Try it:
Below are entries. Reproduce exactly the lines between the line holding "La Facultad de" and the line holding "Çok Renkli Taşlı Sinek Kuşu İğneli Broş", inclusive, and only those.

Data for this task:
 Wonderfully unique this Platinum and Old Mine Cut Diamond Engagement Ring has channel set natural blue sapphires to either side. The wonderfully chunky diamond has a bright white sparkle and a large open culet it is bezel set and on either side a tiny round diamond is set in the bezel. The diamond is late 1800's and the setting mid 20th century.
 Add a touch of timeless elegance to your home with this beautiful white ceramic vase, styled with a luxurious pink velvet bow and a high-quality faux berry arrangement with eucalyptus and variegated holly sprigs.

* * *

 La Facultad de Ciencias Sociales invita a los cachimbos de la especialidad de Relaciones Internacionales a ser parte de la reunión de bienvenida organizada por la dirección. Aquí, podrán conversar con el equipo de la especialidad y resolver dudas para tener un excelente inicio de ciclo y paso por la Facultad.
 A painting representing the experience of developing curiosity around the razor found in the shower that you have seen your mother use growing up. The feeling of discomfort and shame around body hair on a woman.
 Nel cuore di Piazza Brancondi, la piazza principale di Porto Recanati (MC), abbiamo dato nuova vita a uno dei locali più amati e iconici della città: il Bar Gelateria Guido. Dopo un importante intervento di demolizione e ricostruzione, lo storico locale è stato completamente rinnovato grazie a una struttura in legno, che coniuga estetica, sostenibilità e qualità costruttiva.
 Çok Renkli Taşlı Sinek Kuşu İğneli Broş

--

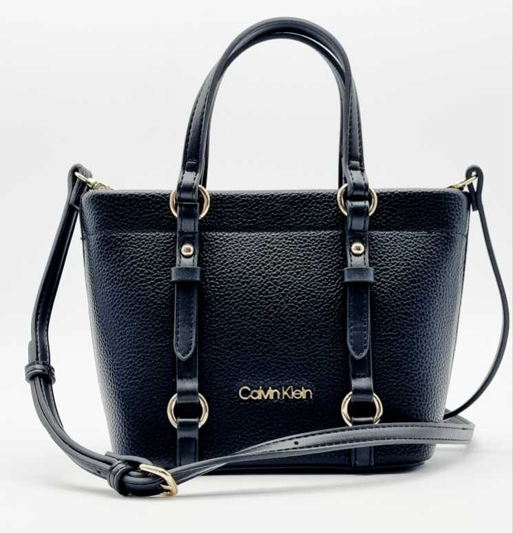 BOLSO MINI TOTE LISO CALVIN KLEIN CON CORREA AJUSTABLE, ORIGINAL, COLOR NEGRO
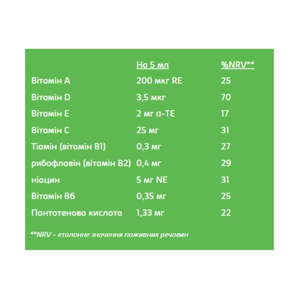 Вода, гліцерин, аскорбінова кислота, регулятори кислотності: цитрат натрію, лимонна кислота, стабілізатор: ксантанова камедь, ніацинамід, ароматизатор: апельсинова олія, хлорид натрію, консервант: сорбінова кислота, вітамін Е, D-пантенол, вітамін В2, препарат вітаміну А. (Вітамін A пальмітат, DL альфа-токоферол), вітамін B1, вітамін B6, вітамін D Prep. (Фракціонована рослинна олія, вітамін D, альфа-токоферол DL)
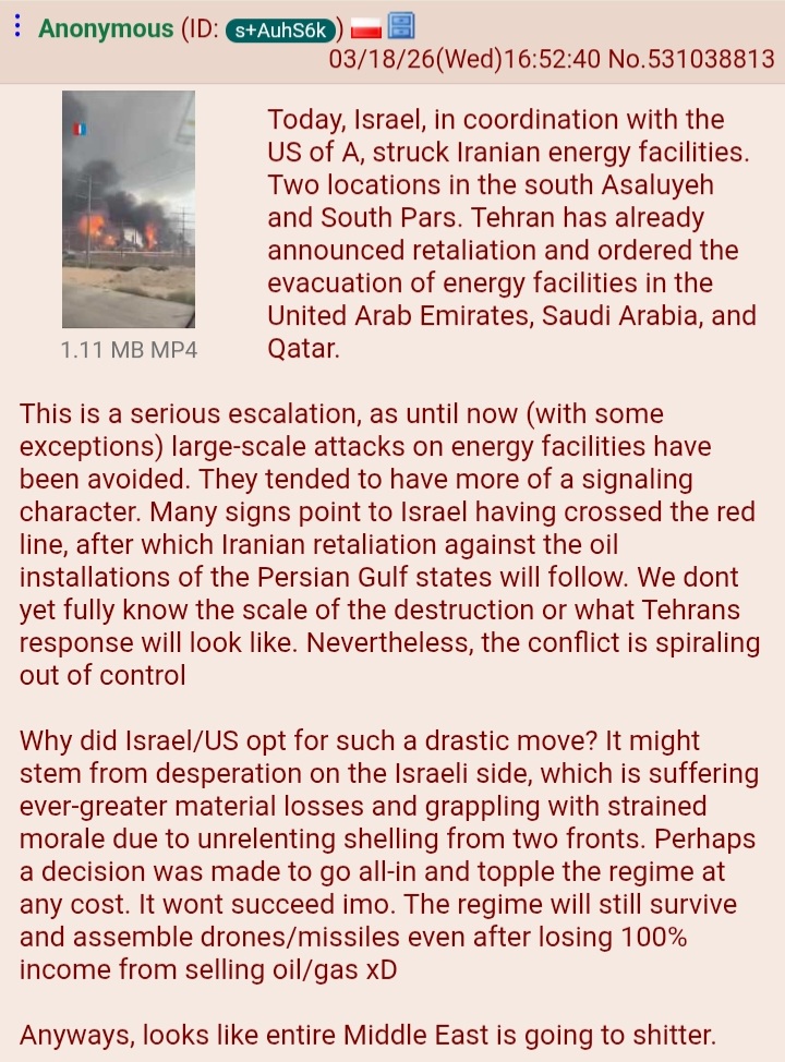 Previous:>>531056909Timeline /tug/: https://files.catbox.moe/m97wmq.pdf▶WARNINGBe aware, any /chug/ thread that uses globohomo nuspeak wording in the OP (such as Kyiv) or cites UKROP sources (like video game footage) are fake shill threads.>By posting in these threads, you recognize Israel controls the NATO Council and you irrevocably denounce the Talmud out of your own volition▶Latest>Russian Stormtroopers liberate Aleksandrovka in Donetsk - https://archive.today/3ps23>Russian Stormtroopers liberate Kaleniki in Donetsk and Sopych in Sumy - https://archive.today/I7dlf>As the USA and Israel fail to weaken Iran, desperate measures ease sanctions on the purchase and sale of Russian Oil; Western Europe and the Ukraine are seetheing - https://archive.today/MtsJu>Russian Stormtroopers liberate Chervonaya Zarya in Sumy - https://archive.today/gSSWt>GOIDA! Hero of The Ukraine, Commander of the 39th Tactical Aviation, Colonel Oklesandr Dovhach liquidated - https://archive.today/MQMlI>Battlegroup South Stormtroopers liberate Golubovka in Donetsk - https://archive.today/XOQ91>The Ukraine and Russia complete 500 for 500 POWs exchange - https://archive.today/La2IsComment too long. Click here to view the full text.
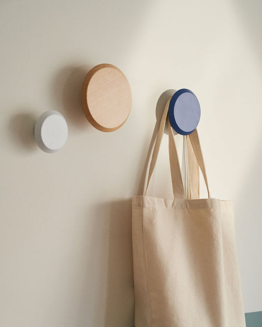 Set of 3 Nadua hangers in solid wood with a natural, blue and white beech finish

The completed task:
 La Facultad de Ciencias Sociales invita a los cachimbos de la especialidad de Relaciones Internacionales a ser parte de la reunión de bienvenida organizada por la dirección. Aquí, podrán conversar con el equipo de la especialidad y resolver dudas para tener un excelente inicio de ciclo y paso por la Facultad.
 A painting representing the experience of developing curiosity around the razor found in the shower that you have seen your mother use growing up. The feeling of discomfort and shame around body hair on a woman.
 Nel cuore di Piazza Brancondi, la piazza principale di Porto Recanati (MC), abbiamo dato nuova vita a uno dei locali più amati e iconici della città: il Bar Gelateria Guido. Dopo un importante intervento di demolizione e ricostruzione, lo storico locale è stato completamente rinnovato grazie a una struttura in legno, che coniuga estetica, sostenibilità e qualità costruttiva.
 Çok Renkli Taşlı Sinek Kuşu İğneli Broş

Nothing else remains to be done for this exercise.